One day, the king announced a grand ball, seeking a bride for his son. Cinderella longed to attend, but her stepmother forbade it. Heartbroken, she watched as her stepsisters left in splendor. Alone and weeping, she encountered her magical helper - a fairy godmother in Perrault’s 1697 French version, or a magical date tree in Basile’s 1634 Italian version, or even a fish in the Chinese Ye Xian story from the 9th century. With a wave of magic, her rags transformed into a magnificent gown, a carriage appeared, and glittering slippers adorned her feet.

At the ball, the prince was captivated. Cinderella danced, enchanting all who saw her, but she fled at midnight, leaving behind one slipper. The prince, determined to find her, traveled the kingdom, trying the slipper on every maiden. At last, it fit Cinderella perfectly. Her identity revealed, she married the prince, rising from ashes and oppression to royalty.
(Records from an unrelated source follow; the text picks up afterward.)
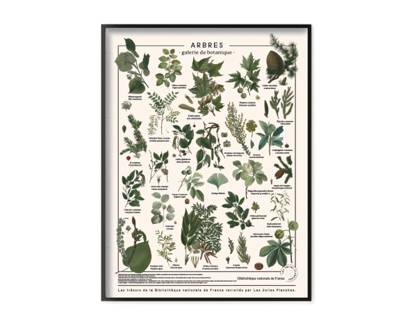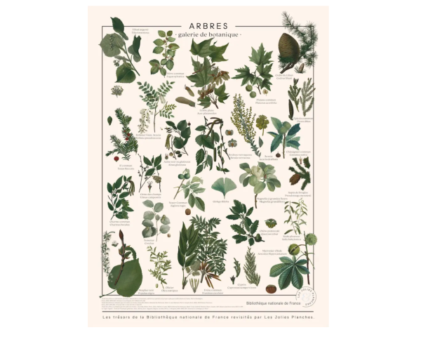 Notre affiche d’illustrations anciennes Arbres communs est un trésor de décoration, imprimée sur toile. Datant du 19ème siècle, chaque feuille est précisément dessinée et colorée. Nous avons redécouvert avec émotion les travaux de l’illustrateur Pierre Mouillefert, avec la complicité de laBilbliothèques nationale de France.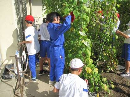 9月7日(木)にセットしたアサガオの花の受粉の実験の結果を確認しました。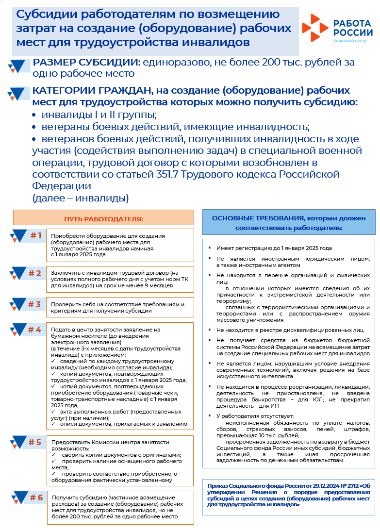 - на создание (оборудование) рабочих мест для трудоустройства инвалидов I и II группы, ветеранов боевых действий и ветеранов, получивших инвалидность в ходе участия в СВО.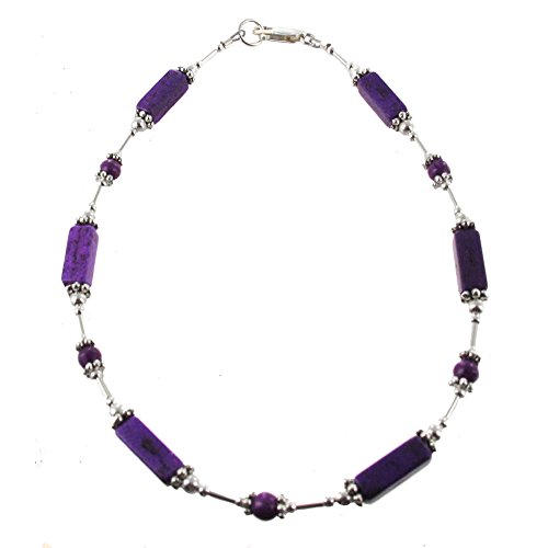 -. Title : Womens Purple Turquoise Magnesite & SS Ladies Beaded Anklet with Daisies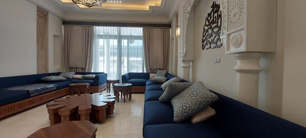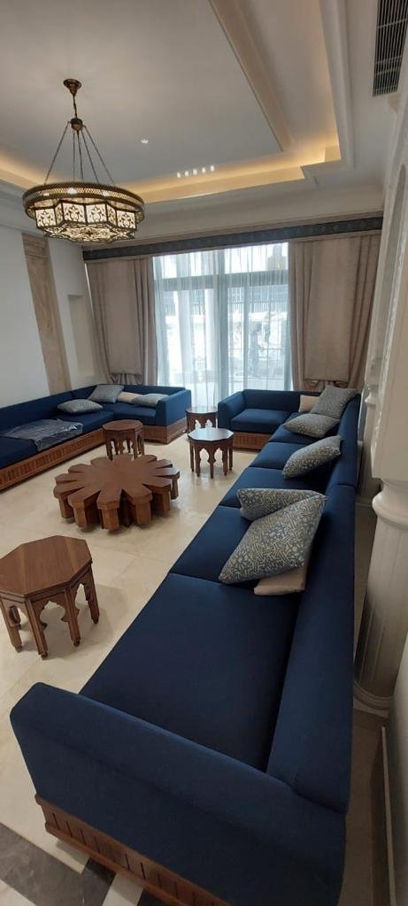 The project also included Islamic lighting and fabrics with embroidery details to match the required theme. This project was especially enjoyable, as it allowed us to reflect the beauty of Arab-Islamic art in décor, furniture, and lighting.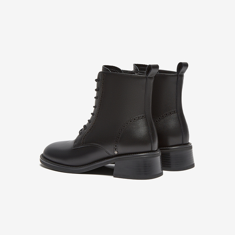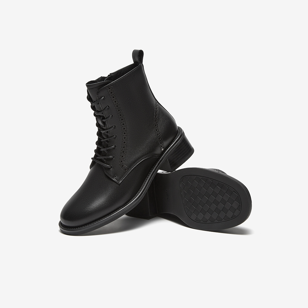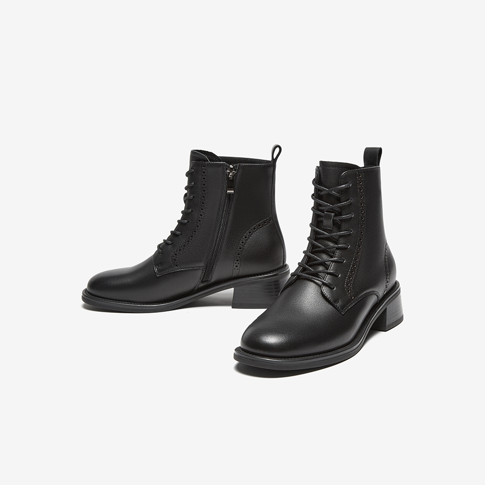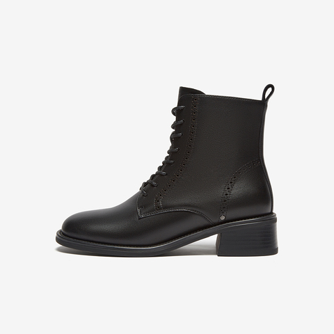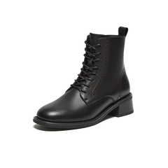牛皮英伦风牛皮粗跟纹理短筒靴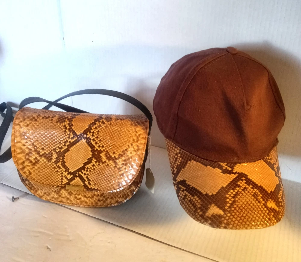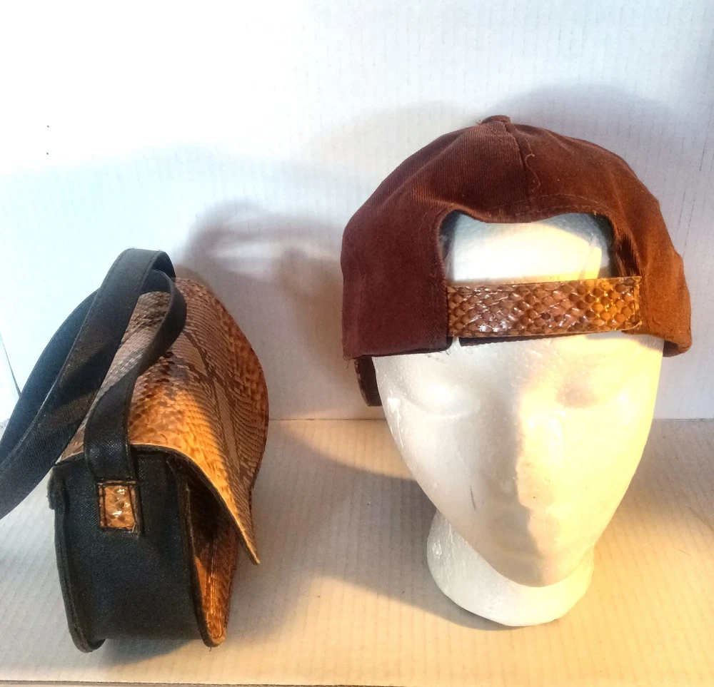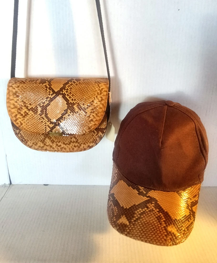 Add a touch of exotic style to your wardrobe with this stunning female python skin CAP and shoulder purse. The unique animal print pattern and tan exterior color make it a statement piece that is sure to turn heads. The bag features a magnetic closure and gold hardware accents that add a touch of elegance to the overall design. The bag is medium-sized with a width of 8 inches and a height of 7 inches. The handle and strap are made of black leather that complements the overall look of the bag. The lining material is brown fabric that adds a cozy feel to the bag. This purse is perfect for women who want to add a touch of luxury to their everyday style.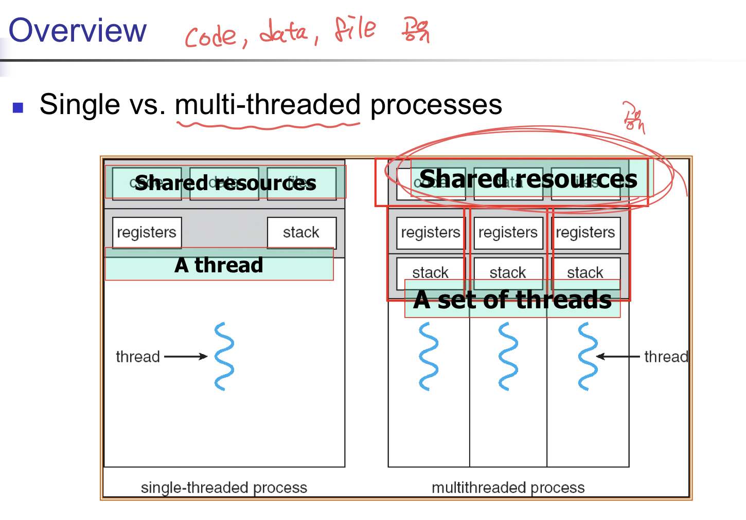 - 그러므로 공유 가능한 것들(code, data, file)을 공유하여 여러개의 thread로 사용

Justice came to her stepfamily in various forms across the versions: in Basile’s tale, the stepsisters are punished harshly, while Perrault softens their fate to moral correction.

Ah, but the story’s power is not just in romance. Cinderella is about survival, cleverness, patience, and virtue triumphing over cruelty. Every ball, every magical intervention, every tiny slipper is proof that goodness, wit, and endurance can bend fate to your favor.

Now, for the historical side of our story: the earliest known version is from China, 9th century AD, called Ye Xian, recorded in Miscellaneous Morsels from Youyang. It features a magical fish instead of a fairy godmother. Giambattista Basile told Cenerentola in 1634, Italian and far darker, emphasizing cruelty and divine justice. Charles Perrault, 1697, gave us the fairy godmother, glass slippers, and moral lessons, softening the story but keeping the charm and the heart.

So my darlings, when you hear Cinderella today, remember it is a tale spun across continents and centuries. A girl in rags, a lost slipper, cruelty and cunning, magic and justice. History, like magic, lingers in the details, and virtue, when clever and patient, always finds its reward.

Sip your tea carefully, for even the gentlest stories carry the bite of truth and the glitter of centuries.